- Cover of the 24th volume

六三四の剣
- Genre: Coming-of-age, sports
- Written by: Motoka Murakami
- Published by: Shogakukan
- Imprint: Shōnen Sunday Comics
- Magazine: Weekly Shōnen Sunday
- Original run: April 8, 1981 – September 25, 1985
- Volumes: 24
- Directed by: Toshitaka Tsunoda
- Studio: Eiken
- Original network: TV Tokyo
- Original run: April 18, 1985 – September 26, 1986
- Episodes: 72

Musashi no Ken – Tadaima Shugyō Chū
- Publisher: Taito
- Genre: Platform
- Platform: Famicom
- Released: August 8, 1986

Typing Shinken Shoubu: Musashi no Ken
- Publisher: Racjin / Sunsoft
- Genre: Typing / Action
- Platform: PlayStation 2
- Released: January 1, 2002

= Musashi no Ken =

Japanese manga and anime series

Musashi no Ken (六三四の剣) is a Japanese sports manga series written and illustrated by Motoka Murakami that focuses on kendo. It was serialized by Shogakukan in Weekly Shōnen Sunday between April 1981 and October 1985. Musashi no Ken received the 1984 Shogakukan Manga Award for shōnen manga.

The manga was adapted as a 72-episode anime television series by Eiken.

The manga was also adapted into a Famicom platform game called Musashi no Ken – Tadaima Shugyō Chū (六三四の剣 ただいま修行中). The game was developed and published by Taito. It was released in Japan on August 8, 1986.

==Plot==
The manga tells the story of Musashi Natsuki, an aspired kendō swordsman. He was born to Eiichirō and Kayo Natsuki, in Iwate Prefecture of the Northeast region. Both his parents were acclaimed kendō swordsmen, especially his father Eiichirō who was nationally famous. After Eiichirō's death accidentally caused by his rival Kunihiko Tōdō's tsuki, Musashi vowed to defeat Kunihiko one day. Unfortunately, Kunihiko retired from kendo out of guilt, and Musashi then aimed to beat his son Shura Tōdō instead. There was no hard feeling between them, however, and they remained good friends. Musashi trained hard as a child under the guidance of his mother Kayo, who had retired from professional kendō and now only did her day job as a full-time grade school teacher at Musashi's school, but he also got more practice from the local dojo with Ranko Todoroki, who later became one of his closest friends.
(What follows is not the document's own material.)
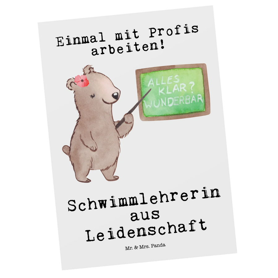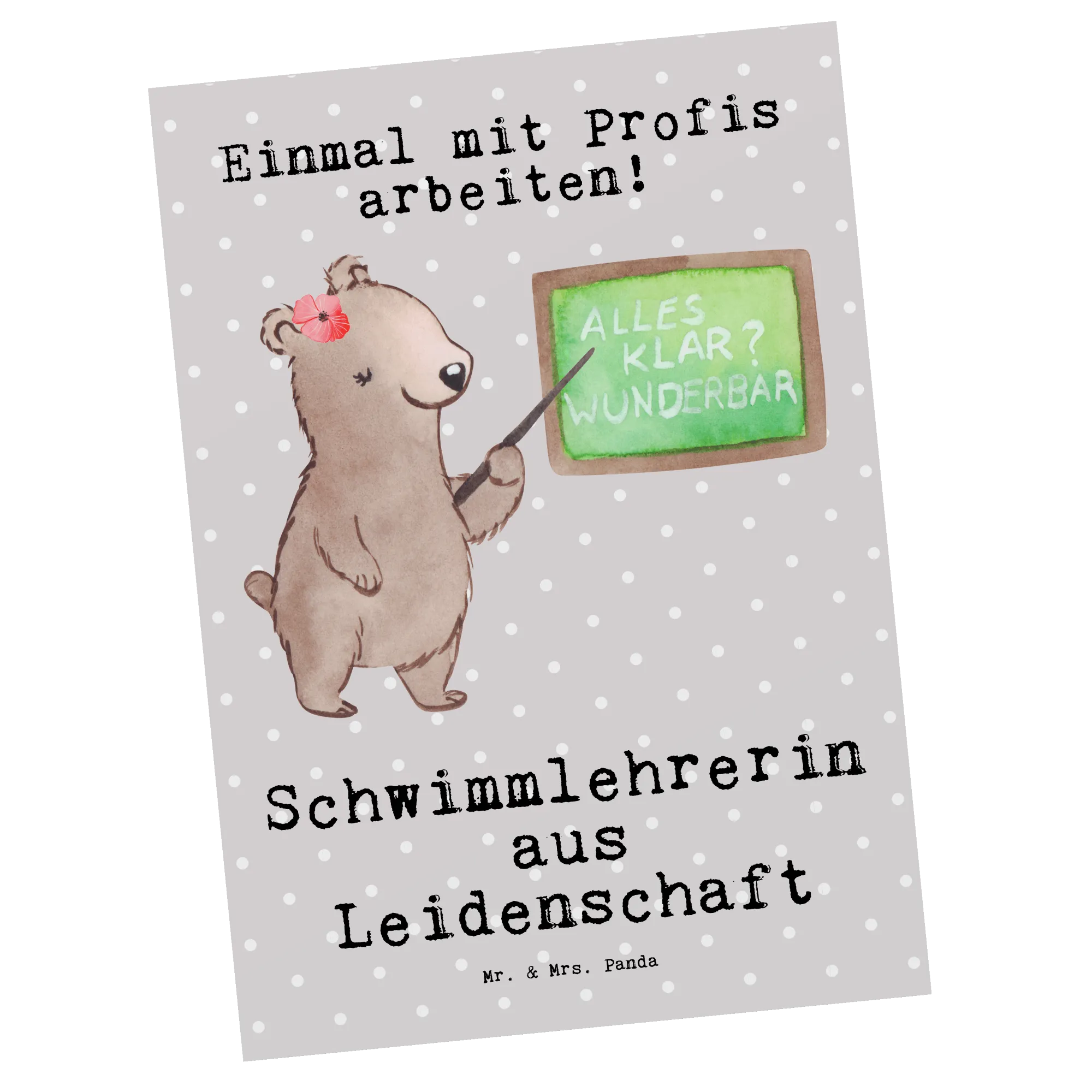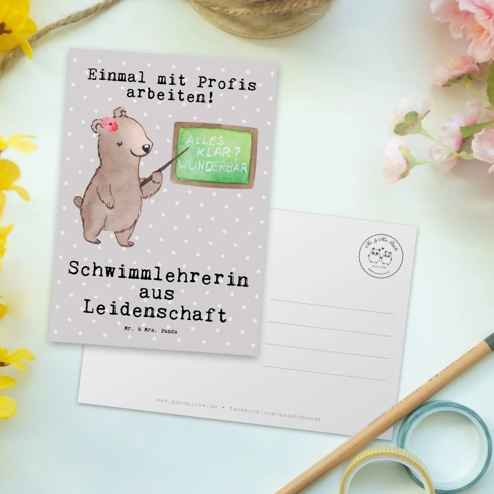 Die Postkarte "Schwimmlehrerin aus Leidenschaft" von Mr. & Mrs. Panda ist das perfekte Geschenk für alle, die mit Freude den Beruf einer Schwimmlehrerin ausüben. Egal ob zum Geburtstag, als Dankeskarte oder zum Abschied – diese liebevoll gestaltete Grußkarte zaubert jedem ein Lächeln ins Gesicht!

From volume 13, after Musashi finally defeated Shura at the national championship, the story jumped forward to when Musashi was 15 and the "Youth Series" (青春編, Seishunhen) started. Musashi went to Kaiyō High and met new friends and stronger fellow kendō swordsmen. But during the time there, he realized his shortcomings, and wanted to be stronger and learn more from various schools of kendō in Japan. Thanks to Kayo's words of encouragement, he made up his mind, halted his high school education, traveled from dojo to dojo and challenged their best swordsmen, just like his legendary namesake Miyamoto Musashi did (he even learned Miyamoto Musashi's double-katana technique from a reclusive old man and tailored it to suit his kendō), until he was ready to face off very strong opponents at the final national championship.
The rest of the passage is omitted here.